Preparation for Activity

  • Cut individual chapters into strips, making sure that the chapter numbers are included with each chapter.
  • Optional: Choose chapters from different translations. Some of the many websites with well-accepted translations are Brooklyn College of the City University of New York (the Stephen Mitchell version is respected, and accessible) and Sacred Texts (translated by J. Legge). You could also purchase copies of the Tao Te Ching in book form.

Description of Activity

Participants are introduced to a Taoist holy book, the Tao Te Ching.

Tell the youth this activity involves reading from the Tao Te Ching. Share the name of the translator of the text you are using. Pass out slips, giving no more than three to each participant. Allow the youth a few minutes to read their slips, then ask them to select their favorite.

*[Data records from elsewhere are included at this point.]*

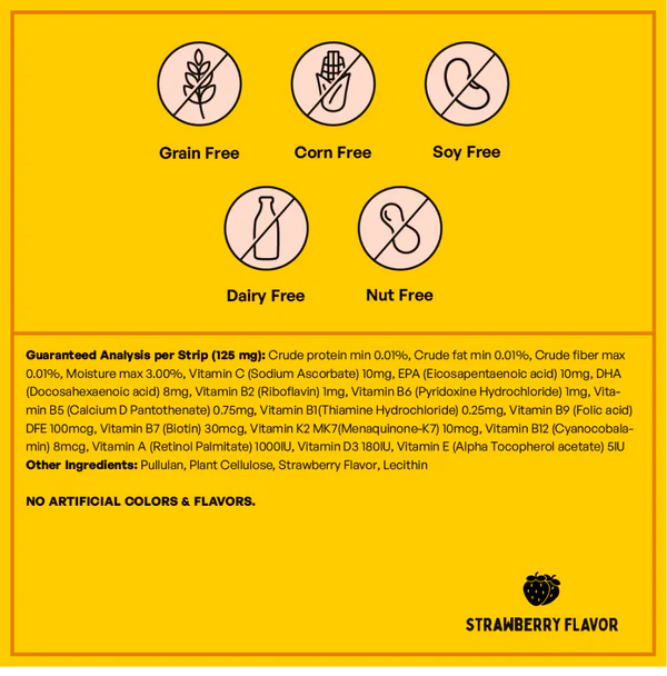 Guaranteed Analysis per Strip (125 mg): Crude protein min 0.01%, Crude fat min 0.01%, Crude fiber max 0.01 %, Moisture max 3.00%, Calcium (Di Calcium Phosphate) 8mg min &; max 7.528 %, Phosphorus (As Di Calcium Phosphate) 6mg min 5.646 %, Iron (as Ferric saccharate) 4mg min 5.263 %, Chloride (as Potassium chloride) 3mg min 2.860%, Magnesium (as Magnesium Oxide) 5mg min 2.660 %, Zinc (as Zinc Sulphate) 2mg min 2.469 %, Manganese (as Manganese sulphate Monohydrate) 1mg min 1.145 %, Copper (as Copper Sul- phate) 0.3mg min 0.377 %, lodine (as Potassium Iodide) 50mcg min 0.033 %, Selenium (as L Selenomethi- onine) 10mcg min 0.005 %, Vitamin A (Retinol Palmitate) min 1000 IU, Vitamin D3 (850IU/mg) min 180 IU, Vita- min E (Alpha Tocopherol) min 20 IU, Vitamin C (Sodium Ascorbate) min 10 mg, Vitamin B6 (Pyridoxine Hydro- chloride) min 1 mg, Vitamin B2 (Riboflavin) min 1 mg, Vitamin K2 MK7 (Menaquinone-K7) min 10 mcg, Vitamin B5 (Calcium D Pantothenate) min 0.75 mg, Vitamin B1 (Thiamine Hydrochloride) min 0.25 mg, Vitamin B9 (Folic acid) DFE min 100 mcg, Vitamin B7 (Biotin) min 30 mcg, Vitamin B12 (Cyanocobalamin) min 8 mcg, Eicosapen- taenoic acid (EPA) 10mg, Docosahexaenoic acid (DHA) 8mg. Other Ingredients: Pullulan, Plant Cellulose, Lecithin, Salmon Flavor. *Probiotics: Lactobacillus acidophilus used is 200 BCFU/g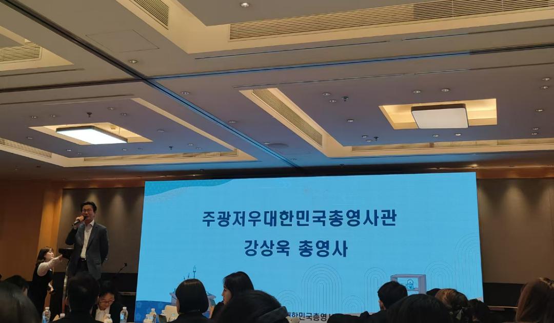 活动由驻广州韩国总领事馆主办,广州开设朝鲜语专业的四所高校师生共同参与。晚宴伊始,韩国驻广州领事馆总领事姜相旭发表讲话,表达了对参加晚宴师生的欢迎,并希望以后能多举办此类交流活动,以增强中韩间的友好情谊。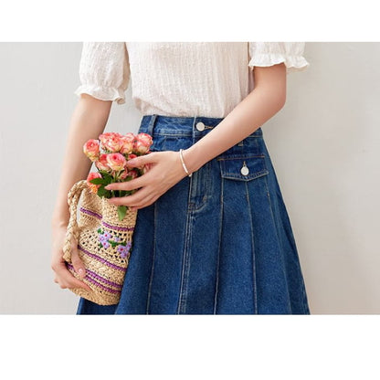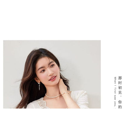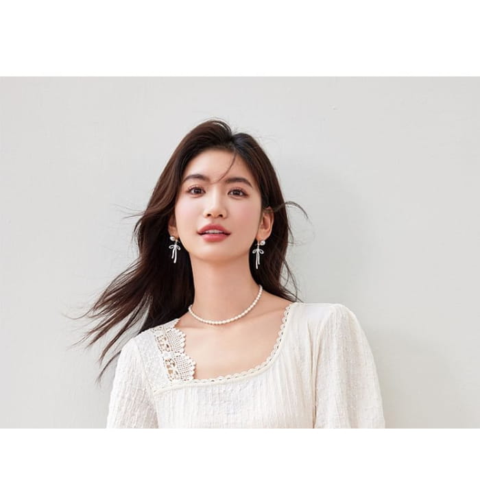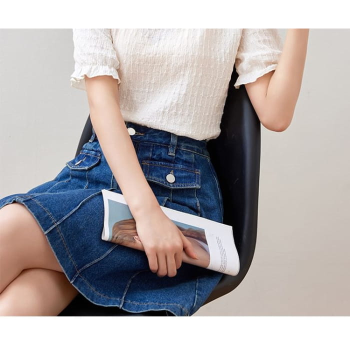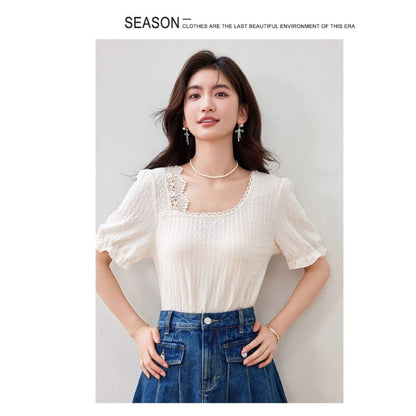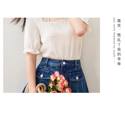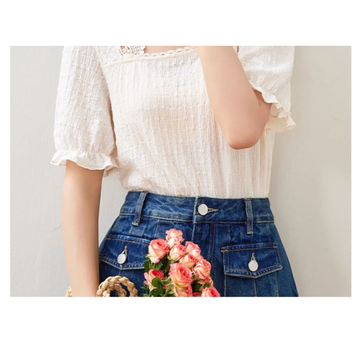 Kurzärmliges Crop-Top mit eckigem Ausschnitt und Spitzenbesatz

Have participants each read their favorite to the group and share their interpretation of it. Invite the group to offer other interpretations.

Note that everyone may hear different things and find different meanings in any given reading. Ask them:

  • Does the sparseness of the writing leave the text more open to interpretation?
  • Does it make it harder or easier for you to find meaning?
  • What do you think this tells us about Taoism? Is it a religion that has hard-and-fast rules, or one where individuals are responsible for exploring and developing their own faith? How is this similar to or different from Unitarian Universalism?

Affirm that Taoists believe that there are many different paths that can lead to a happy, moral, spiritual life and that everyone is expected to find their own path.

Ask participants what values and beliefs they heard in these chapters. How do these relate to what they know already about Taoism? What new beliefs are suggested?